(DATA FOR THIS TASK)
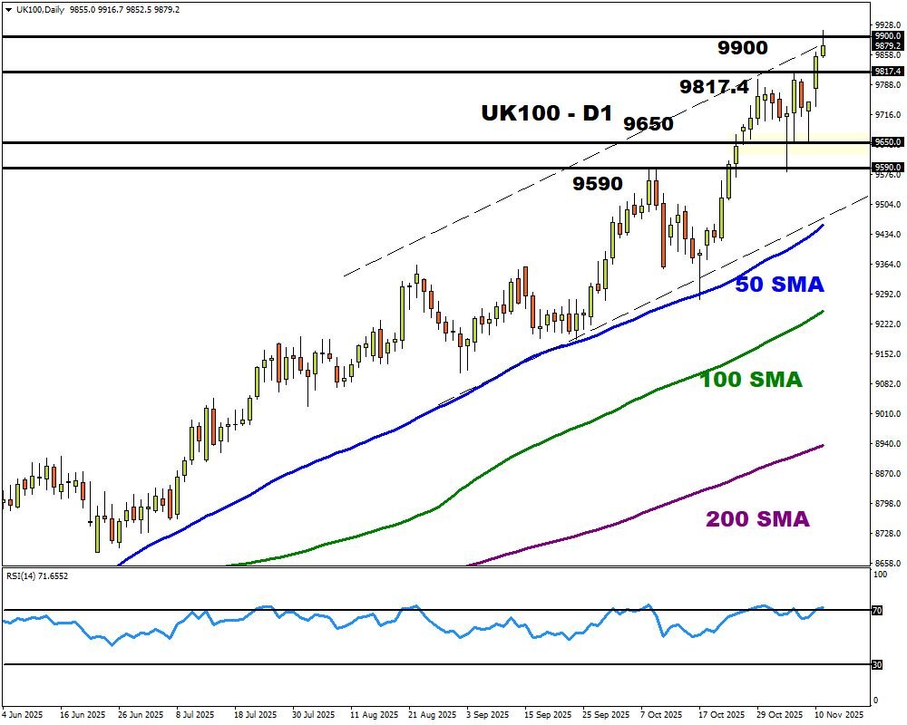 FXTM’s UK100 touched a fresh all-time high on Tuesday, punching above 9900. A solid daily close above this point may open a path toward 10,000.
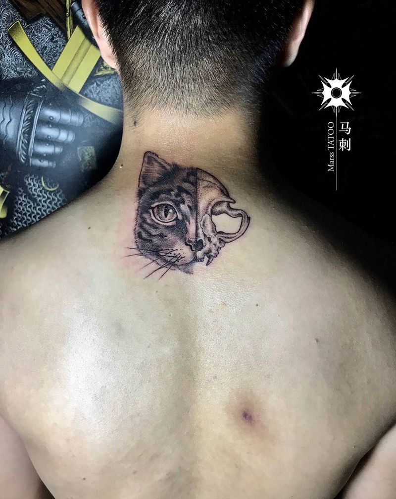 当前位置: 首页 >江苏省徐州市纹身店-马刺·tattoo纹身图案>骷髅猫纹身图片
(End DATA FOR THIS TASK)
(DATA FOR THIS TASK)
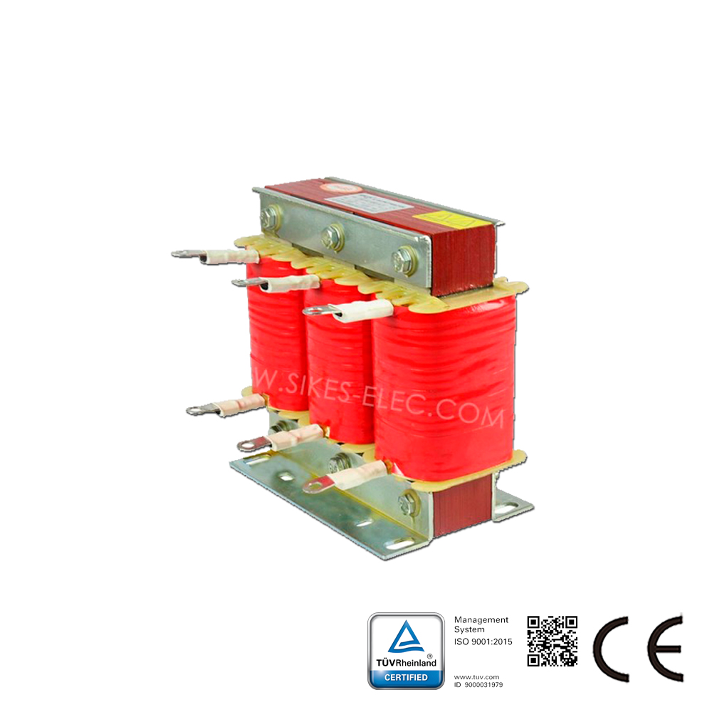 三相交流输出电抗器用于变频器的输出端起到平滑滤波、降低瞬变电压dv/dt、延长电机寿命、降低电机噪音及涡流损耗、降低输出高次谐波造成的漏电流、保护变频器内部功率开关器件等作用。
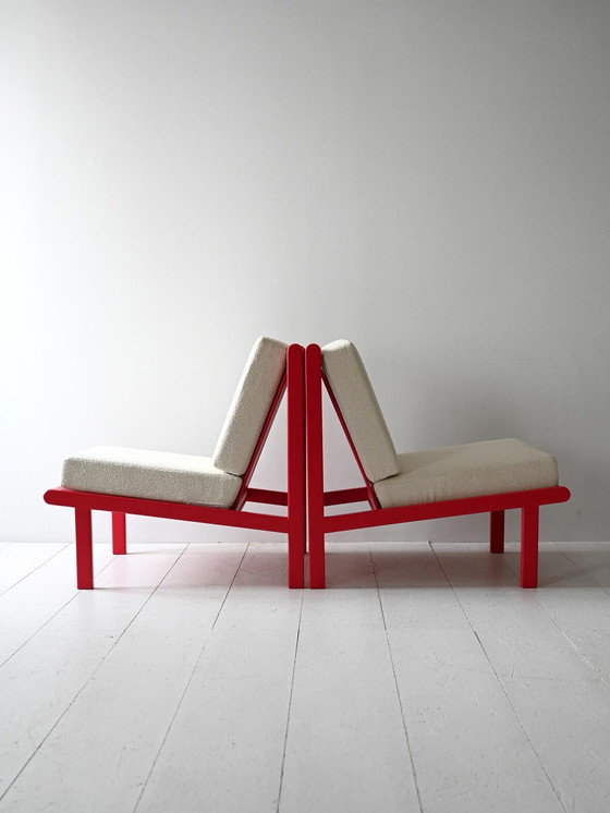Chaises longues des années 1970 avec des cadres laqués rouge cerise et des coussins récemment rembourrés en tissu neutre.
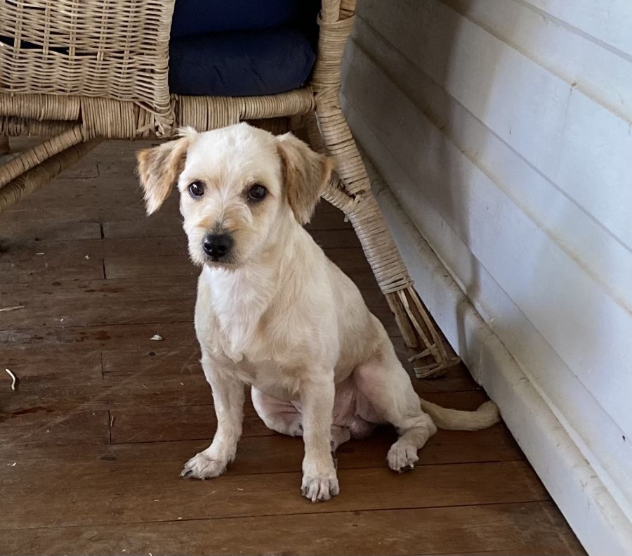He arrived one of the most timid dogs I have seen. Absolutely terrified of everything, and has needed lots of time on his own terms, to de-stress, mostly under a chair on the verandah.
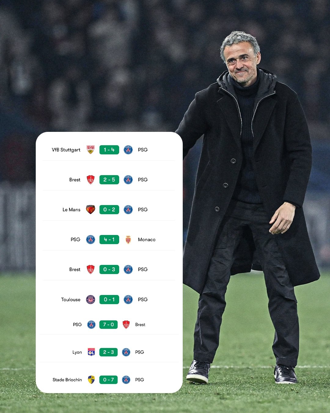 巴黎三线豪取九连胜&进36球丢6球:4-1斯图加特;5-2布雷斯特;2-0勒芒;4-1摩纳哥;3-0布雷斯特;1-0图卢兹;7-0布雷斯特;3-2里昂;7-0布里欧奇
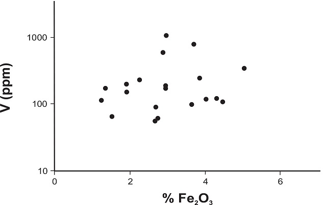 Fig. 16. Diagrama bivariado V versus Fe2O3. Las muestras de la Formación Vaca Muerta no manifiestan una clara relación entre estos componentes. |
(End DATA FOR THIS TASK)
Your answer should be the lines above, word for word, from the line with "FXTM’s UK100 touched" through the line with "当前位置: 首页 >江苏省徐州市纹身店-马刺·tattoo纹身图案>骷髅猫纹身图片", minus the pictures.

 FXTM’s UK100 touched a fresh all-time high on Tuesday, punching above 9900. A solid daily close above this point may open a path toward 10,000.
 当前位置: 首页 >江苏省徐州市纹身店-马刺·tattoo纹身图案>骷髅猫纹身图片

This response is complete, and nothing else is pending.